Dans le viseur de la chaîne, la formule «son prisme complotisme» dans le paragraphe suivant : «ThinkerView suscite pourtant un certain nombre d’agacements et de critiques, qui tiennent en large partie à son intervieweur. Celui qui se fait appeler Sky […] fait grincer quelques dents : sa façon tantôt nonchalante tantôt agressive de mener ses entretiens, son prisme complotiste ou son choix d’accueillir certaines personnalités controversées sont des critiques récurrentes à son égard, pas dénuées de vérité.»

« Les gens peuvent juger par eux-mêmes »

A CheckNews, Sky confirme sa volonté de porter plainte : «On s’est donnés les moyens, grâce à l’argent récolté d’avoir une cellule dédiée uniquement à cela. Dès que l’on nous crachera à la gueule désormais, ce sera plainte en diffamation.»
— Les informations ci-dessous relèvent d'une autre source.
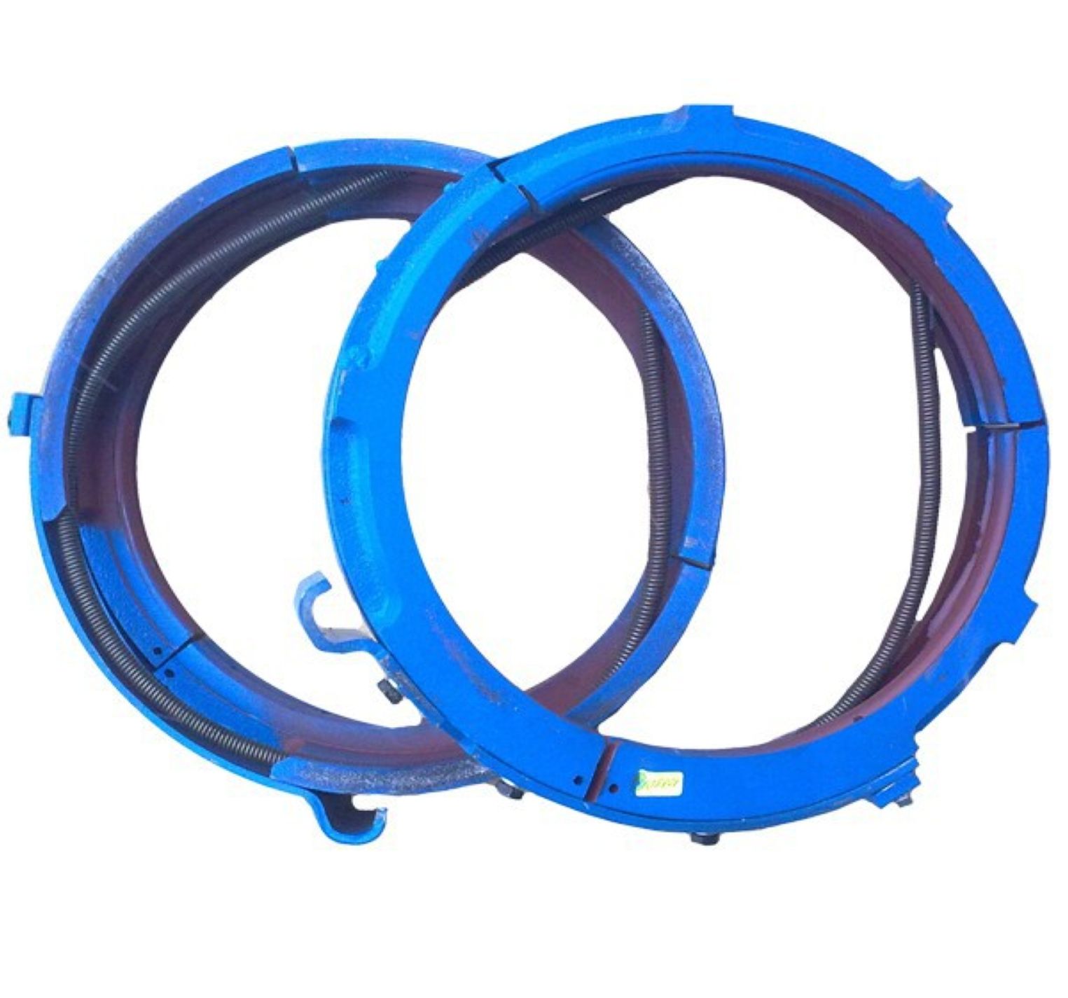 - канатоукладчик в сборе, служит для направления и укладки каната в каналы барабана. Состоит из чугунной направляющей гайки, которая передвигается по каналам барабана, и прижимного кольца из листовой стали, затянутого на канате с помощью цилиндрических пружин.

Celui qui affirme que ces critiques n’émanent que d’une partie «ultra-minoritaire de la gauche la plus radicale», assure avoir été «choqué» par la violence de certains messages reçus depuis quelques jours. «Ils sont encore plus agressifs que les mecs d’extrême droite.» Sur le procès en confusionnisme fait à son média depuis quelques jours sur les réseaux sociaux, il répond : «On essaye de faire parler tout le monde. On a essayé de créer un terrain neutre, pour que les gens échangent.»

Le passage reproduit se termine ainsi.